I think OP_TXVERSION could be used to mitigate this by ensuring that transactions interacting with the contract conform to the desired version with the desired opcode behaviour.

Update: I’ve now read the subsat CHIP pre-release and understand the problem and that it’s 2 opcodes ( OP_UTXOVALUE / OP_OUTPUTVALUE). I’ll eave further comments on the thread for that CHIP.

The term ‘environment’ is something we stole from operating systems technology. Any task (or application) has its own environment. You have environment variables that adjust behavior. It seemed an apt concept to adopt. The initial proposal would most likely simply say that the only viable combinations are OP_1 OP_ENV and OP_2 OP_ENV (see also op_x doc).

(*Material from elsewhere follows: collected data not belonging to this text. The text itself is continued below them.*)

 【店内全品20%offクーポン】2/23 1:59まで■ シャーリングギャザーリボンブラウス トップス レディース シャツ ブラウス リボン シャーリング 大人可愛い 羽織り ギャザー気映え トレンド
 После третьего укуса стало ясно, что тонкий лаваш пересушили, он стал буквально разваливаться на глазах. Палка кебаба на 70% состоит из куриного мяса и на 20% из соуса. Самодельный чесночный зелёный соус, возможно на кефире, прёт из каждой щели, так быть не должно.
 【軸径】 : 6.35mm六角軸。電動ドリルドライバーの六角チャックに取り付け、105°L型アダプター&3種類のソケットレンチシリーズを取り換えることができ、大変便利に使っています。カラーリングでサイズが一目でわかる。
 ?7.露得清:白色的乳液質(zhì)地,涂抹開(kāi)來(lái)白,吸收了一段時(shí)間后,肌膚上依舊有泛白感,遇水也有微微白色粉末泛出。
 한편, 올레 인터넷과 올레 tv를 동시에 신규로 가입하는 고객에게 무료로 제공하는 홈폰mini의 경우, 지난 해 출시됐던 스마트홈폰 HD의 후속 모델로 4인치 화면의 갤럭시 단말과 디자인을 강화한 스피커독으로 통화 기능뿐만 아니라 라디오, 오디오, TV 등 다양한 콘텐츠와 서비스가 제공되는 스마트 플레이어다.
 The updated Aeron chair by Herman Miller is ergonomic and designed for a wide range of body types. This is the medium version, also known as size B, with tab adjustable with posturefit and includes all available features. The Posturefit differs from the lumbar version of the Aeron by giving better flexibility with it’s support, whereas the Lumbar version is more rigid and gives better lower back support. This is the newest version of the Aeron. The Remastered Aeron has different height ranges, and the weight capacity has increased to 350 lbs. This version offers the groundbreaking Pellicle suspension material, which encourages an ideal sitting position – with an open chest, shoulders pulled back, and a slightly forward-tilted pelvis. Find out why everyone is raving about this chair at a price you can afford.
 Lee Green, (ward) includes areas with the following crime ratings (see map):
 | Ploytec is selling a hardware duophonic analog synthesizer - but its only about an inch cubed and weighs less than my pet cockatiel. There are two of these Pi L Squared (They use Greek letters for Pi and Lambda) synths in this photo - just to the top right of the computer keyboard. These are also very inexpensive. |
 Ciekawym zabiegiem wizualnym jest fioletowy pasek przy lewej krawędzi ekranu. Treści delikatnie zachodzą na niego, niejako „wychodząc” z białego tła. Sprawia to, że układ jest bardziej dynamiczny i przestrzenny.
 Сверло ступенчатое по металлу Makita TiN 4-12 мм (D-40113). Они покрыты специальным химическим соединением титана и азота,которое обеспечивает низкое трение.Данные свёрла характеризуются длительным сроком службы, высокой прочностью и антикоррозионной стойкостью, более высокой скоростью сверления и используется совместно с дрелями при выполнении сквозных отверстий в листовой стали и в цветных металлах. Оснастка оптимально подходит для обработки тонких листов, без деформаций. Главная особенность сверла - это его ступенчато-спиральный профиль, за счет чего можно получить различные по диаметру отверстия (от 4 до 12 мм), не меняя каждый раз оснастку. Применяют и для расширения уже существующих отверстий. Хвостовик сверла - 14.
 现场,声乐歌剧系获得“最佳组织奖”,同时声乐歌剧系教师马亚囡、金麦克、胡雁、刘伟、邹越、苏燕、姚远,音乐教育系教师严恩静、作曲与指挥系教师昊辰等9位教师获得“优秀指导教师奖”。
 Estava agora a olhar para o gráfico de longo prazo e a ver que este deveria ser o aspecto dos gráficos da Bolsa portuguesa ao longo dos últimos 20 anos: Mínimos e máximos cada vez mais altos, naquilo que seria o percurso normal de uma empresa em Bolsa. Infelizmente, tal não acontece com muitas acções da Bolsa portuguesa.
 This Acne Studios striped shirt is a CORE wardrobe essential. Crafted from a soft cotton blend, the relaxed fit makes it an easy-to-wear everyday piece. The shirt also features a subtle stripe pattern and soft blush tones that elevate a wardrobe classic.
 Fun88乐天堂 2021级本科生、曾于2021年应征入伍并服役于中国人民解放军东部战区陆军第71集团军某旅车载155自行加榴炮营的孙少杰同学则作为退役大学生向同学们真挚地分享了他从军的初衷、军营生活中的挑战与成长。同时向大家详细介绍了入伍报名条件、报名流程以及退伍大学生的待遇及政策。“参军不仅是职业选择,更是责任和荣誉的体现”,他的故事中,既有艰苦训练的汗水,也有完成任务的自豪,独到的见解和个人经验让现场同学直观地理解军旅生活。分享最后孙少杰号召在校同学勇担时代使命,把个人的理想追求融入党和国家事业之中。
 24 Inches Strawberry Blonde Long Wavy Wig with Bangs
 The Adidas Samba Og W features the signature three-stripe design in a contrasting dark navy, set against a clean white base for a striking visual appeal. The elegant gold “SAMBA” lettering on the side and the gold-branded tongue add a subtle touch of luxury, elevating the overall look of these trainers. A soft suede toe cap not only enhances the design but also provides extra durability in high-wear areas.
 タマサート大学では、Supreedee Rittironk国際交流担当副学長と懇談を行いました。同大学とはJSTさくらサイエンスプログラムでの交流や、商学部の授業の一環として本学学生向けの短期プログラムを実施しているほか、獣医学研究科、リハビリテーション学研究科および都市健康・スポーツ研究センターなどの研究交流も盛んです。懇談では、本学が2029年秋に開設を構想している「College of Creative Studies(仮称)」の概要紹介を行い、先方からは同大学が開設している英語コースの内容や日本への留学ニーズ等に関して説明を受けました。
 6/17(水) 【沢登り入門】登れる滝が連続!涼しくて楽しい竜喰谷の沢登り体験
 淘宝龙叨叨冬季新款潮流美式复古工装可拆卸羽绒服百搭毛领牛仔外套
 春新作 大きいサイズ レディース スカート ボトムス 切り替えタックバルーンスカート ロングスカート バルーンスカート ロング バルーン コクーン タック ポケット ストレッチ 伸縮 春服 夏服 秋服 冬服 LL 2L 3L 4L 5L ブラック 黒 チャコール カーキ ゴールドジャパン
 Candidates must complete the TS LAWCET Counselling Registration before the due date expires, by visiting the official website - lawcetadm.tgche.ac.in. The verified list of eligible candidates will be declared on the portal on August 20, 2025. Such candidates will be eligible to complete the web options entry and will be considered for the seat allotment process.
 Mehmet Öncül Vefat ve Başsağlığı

That is indeed the basic trade-off we are looking at. That is the basic premise of this thread, indeed. Which of the two main approaches makes most sense.

Naturally it is possible to add the two opcodes that deal with satoshi values and make them use micro-satoshi’s. It is simple, but is it best?

There are various trade-offs here. If you have both some VALUE and some MICRO_VALUE opcodes, then that implies you can use them in the same script. Is that powerful, or is that just asking for trouble?

Another trade-off is that we’ll most likely end up upgrading the math capabilities to 128 bit math. It is inevitable that this is going to be cheap to do on CPUs and that will be reflected in Script. There are a bunch of opcodes that this applies to. We just upgraded from 32bit to 64bit and we haven’t heard anyone scream. But isn’t it much better to avoid POSSIBLE incompatibilities? That would be a lot of new opcodes, or one new ‘version’ definition as argument to OP_ENV.

Most of the people I talked to are leaning in the OP_ENV direction, so if you know of anything that would end up being an issue I think it would be great to share here.
Because I just want to be sure no problems are created or overlooked.